ADVERTISING is swarming over the media and spilling over. Hype, media-blitz, brouhaha, ballyhoo-advertisements sing, swing, howl, dance and mimick. There is so much of advertising that you can hardly take any of it in because this extravaganza of the so-called ‘persuasive art’ strangely precludes the very thing which interests you particularly.
“. . . . almost every advertisement you see is obviously designed, in some way or another, to fool the consumer: the print that they don’t want you to read is small; the statements are written in an obscure way. It is obvious to anybody that the product is not being presented in a scientific way. Therefore in the selling business, there is lack of integrity,” writes Richard P. Feyman in his book What Do You Care What Other People Think.
What do YOU think? Or don’t you too care what others think?

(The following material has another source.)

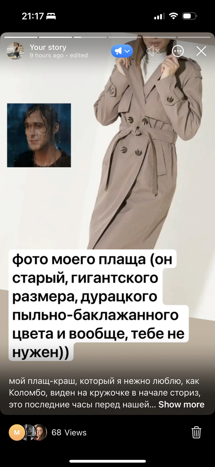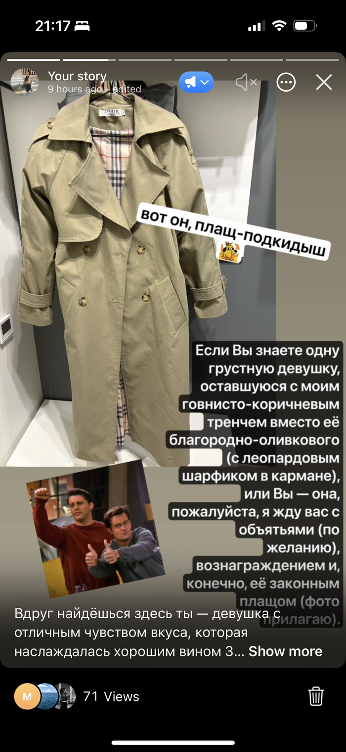 Если Вы знаете одну грустную девушку, оставшуюся с моим говнисто-коричневым тренчем вместо её благородно-оливкового (с леопардовым шарфиком в кармане), или Вы — она, пожалуйста, я жду вас с объятьями (по желанию), вознаграждением и, конечно, её законным плащом-подкидышем (фото прилагаю). Фото моего плаща (он старый, гигантского размера, дурацкого пыльно-баклажанного цвета и вообще, тебе не нужен)) — из кружочка в последние часы перед нашей с ним разлукой. ещё на всякий случай референсы с маркетплейса, мой примерно такой, только здоровенный оверсайз, сейчас уже не продаётся — вот такое старьё
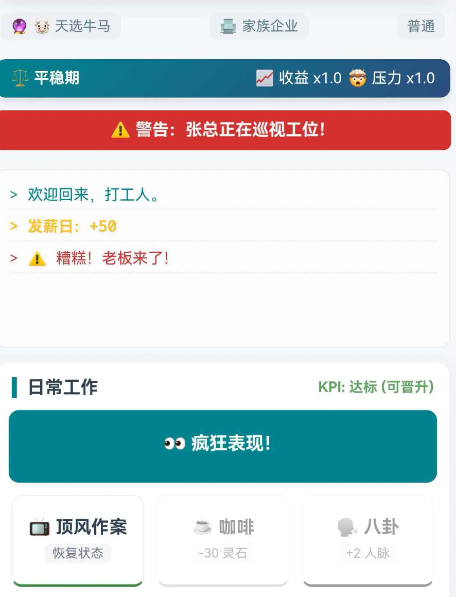 《大厂修仙传-打工人飞升模拟器》将当代职场生态与东方修仙世界观深度交织,构建出独具张力的模拟经营体验。玩家不再以传统“修士”身份入场,而是化身初入名企的实习修士,在格子间布阵、在会议室炼丹、于OKR系统中参悟大道——核心成长路径围绕突破KPI桎梏展开,逐级晋升至部门负责人、事业部总监,最终执掌企业战略决策权。任务体系高度动态化,涵盖跨部门协作劫难、季度复盘心魔、竞标项目雷劫等多元挑战,形成强代入感与持续性成长反馈。

Looking back at my days as a creative director and chief copywriter (1976-88) I do not feel very happy with the modern trends in advertising. (Incidentally, let me explain that true copywriters are people who not only know the beauty and intricacies of language and who can write original stuff, but who also possess trained sensibilities to appreciate good things in life and who can express them beautifully. Among them I do not count myself though I have published four slim books on advertising. In UK many copywriters are published authors,poets and playwrights.)
I am not very happy with ‘modern advertising’ perhaps because I do not very much care for the word ‘modern’. Was not the gas stove very modern when kitchen stoves are quite happy with wood-burning, charcoal or paraffin stoves before the arrival of kitchen-ranges and the microwave-stove?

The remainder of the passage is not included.